Продолжая мои ведомости и пополняя их, я включаю сюда маленькое происшествие, случившееся со мной несколько дней тому назад. Само по себе ничего не значащее, оно среди тысячи других является доказательством лукавства здешнего народа. Впрочем, если при чтении вы почувствуете малейшее желание зевнуть, пропустите страницу и помилуйте пишущего.

В 50 верстах отсюда, вверх по Илиму, находится очень богатая, известная всем залежь железной руды, которой раньше имел обыкновение пользоваться илимский кузнец. Я раздобыл образчик руды и сгорал от желания увидеть залежь. На прошлой неделе я поехал туда на лодке вместе с сыном; случаю было угодно, чтобы мы прибыли на место глубокой ночью. На следующий день, сообразуясь с моими данными, я осмотрел местоположение залежи, вернее холмик, в котором она находится. Покончив с этим, я захотел подняться на вершину холма, и, чтобы не заблудиться в лесу, покрывающем всю эту местность, я взял в проводники старосту деревни, где мы ночевали, расположенной в полуверсте. Мы с сыном отправились в путь. Однако наш проводник, вместо того чтобы привести нас на желаемое место, заставил нас взбираться сквозь чащу и заросли мокрой травы на весьма крутую гору. Мы поднялись на нее с мужеством, достойным аргонавтов, и, достигнув вершины, оказались в лесной чаще, где не было ни единой тропинки. Тогда лукавый поселянин сделал вид, что ищет место разработки, и кончил тем, что сказал, будто не имеет никакого понятия об этой залежи. Пришлось вернуться, так и не повидав направления залежи, но утешая себя надеждой, что в другой раз мы найдем лучшего проводника.

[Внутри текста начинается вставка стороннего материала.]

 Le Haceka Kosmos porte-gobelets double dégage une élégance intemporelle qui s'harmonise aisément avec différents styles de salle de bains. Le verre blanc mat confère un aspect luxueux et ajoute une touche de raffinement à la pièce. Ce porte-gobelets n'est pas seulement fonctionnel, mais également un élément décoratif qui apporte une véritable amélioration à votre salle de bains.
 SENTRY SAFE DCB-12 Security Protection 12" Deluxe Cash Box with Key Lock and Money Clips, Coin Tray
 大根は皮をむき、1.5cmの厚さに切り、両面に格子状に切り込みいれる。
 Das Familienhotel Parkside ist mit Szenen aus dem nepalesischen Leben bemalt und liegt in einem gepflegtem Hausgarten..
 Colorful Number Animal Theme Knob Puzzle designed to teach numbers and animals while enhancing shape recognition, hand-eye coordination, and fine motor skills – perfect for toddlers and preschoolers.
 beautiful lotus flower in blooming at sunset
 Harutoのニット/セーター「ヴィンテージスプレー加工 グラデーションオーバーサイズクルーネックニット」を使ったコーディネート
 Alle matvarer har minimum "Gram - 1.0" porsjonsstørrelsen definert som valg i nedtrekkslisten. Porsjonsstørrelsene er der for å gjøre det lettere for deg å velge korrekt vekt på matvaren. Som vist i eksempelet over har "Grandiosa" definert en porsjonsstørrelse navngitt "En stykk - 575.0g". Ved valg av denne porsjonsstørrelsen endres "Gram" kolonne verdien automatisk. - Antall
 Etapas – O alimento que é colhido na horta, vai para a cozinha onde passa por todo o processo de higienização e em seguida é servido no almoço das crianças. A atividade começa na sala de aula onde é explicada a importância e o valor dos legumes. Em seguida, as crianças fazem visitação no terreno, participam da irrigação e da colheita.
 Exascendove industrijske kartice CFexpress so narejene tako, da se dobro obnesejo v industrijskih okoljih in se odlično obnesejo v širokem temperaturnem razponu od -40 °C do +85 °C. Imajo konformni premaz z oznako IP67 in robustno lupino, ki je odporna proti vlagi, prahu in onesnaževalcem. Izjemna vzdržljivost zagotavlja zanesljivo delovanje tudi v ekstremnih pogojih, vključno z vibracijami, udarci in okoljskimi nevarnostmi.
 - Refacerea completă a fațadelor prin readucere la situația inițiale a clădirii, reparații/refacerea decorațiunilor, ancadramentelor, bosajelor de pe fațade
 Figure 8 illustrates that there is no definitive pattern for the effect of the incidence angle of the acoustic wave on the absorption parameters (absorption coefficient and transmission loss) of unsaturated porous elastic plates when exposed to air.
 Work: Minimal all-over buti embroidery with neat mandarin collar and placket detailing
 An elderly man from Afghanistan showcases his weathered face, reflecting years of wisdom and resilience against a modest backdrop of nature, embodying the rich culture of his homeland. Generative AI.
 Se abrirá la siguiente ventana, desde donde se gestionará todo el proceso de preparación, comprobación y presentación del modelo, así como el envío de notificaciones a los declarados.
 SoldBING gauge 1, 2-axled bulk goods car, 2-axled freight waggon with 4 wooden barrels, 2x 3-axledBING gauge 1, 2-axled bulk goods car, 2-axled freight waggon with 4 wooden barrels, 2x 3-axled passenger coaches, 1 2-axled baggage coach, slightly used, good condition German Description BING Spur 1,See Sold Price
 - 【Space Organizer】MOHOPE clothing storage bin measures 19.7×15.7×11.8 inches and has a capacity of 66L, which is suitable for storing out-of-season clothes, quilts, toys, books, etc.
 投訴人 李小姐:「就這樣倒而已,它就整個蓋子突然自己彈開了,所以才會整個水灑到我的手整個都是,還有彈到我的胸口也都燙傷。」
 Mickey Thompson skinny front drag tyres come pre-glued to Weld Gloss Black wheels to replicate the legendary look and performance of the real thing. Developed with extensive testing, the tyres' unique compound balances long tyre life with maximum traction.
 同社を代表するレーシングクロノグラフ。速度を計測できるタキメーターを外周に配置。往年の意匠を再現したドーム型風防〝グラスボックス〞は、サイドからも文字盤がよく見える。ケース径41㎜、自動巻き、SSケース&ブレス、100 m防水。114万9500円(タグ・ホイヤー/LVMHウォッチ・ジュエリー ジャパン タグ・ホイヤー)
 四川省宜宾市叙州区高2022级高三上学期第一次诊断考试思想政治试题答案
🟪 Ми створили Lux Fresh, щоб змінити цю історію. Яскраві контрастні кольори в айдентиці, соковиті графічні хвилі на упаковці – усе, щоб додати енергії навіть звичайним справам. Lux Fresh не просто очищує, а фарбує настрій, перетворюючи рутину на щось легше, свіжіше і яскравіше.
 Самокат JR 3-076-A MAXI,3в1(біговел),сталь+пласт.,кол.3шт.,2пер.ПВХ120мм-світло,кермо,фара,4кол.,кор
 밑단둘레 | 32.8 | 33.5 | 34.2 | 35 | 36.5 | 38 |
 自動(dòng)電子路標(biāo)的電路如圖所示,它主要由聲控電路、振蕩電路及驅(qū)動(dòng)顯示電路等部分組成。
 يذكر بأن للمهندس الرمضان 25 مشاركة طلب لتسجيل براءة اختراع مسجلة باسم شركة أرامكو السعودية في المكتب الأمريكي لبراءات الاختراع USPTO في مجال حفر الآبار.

Приключение само по себе весьма незначительное, но из него можно заключить: 1-е, что местный житель любит лукавить и обманывает сколько может даже в тех случаях, когда правильно понятая выгода заставила бы его предпочесть честное отношение. 2-е, что он отстраняет от себя и пытается уклониться от всякого новшества, от всякого соседства с людьми. Первое кажется ему тягостным бременем, второе досаждает; он счастлив в своем логове, общество людей ему несносно. Он проводит часть своей жизни одиноко, живет отшельником и появляется среди себе подобных для того лишь, чтобы одурманить себя винными парами. Неограниченный хозяин своего скота и своих детей, — а последние подчиняются его воле если не с уважением, то по крайней мере с покорностью, превышающей уважение, — он желал бы жить и умереть никому не ведомым. Таков здешний житель. Таков он, может быть, и во многих других местах Сибири.

Общепризнанным свойством, присущим здесь даже простому люду, является сутяжничество, и если в России человек из народа мстит, прибегая к физической силе, то сибиряк, желая отомстить, скажет: я его доеду. Если его спросят, каким способом, он ответит: бумажкою. Другим весьма примечательным свойством является желание прихвастнуть, приукрасить всякий свой поступок, будь то самая ничтожная безделица. Не заложено ли в самой природе вещей, что охотник всегда лгун. Свойство, как говорят, столь присущее курляндским дворянам.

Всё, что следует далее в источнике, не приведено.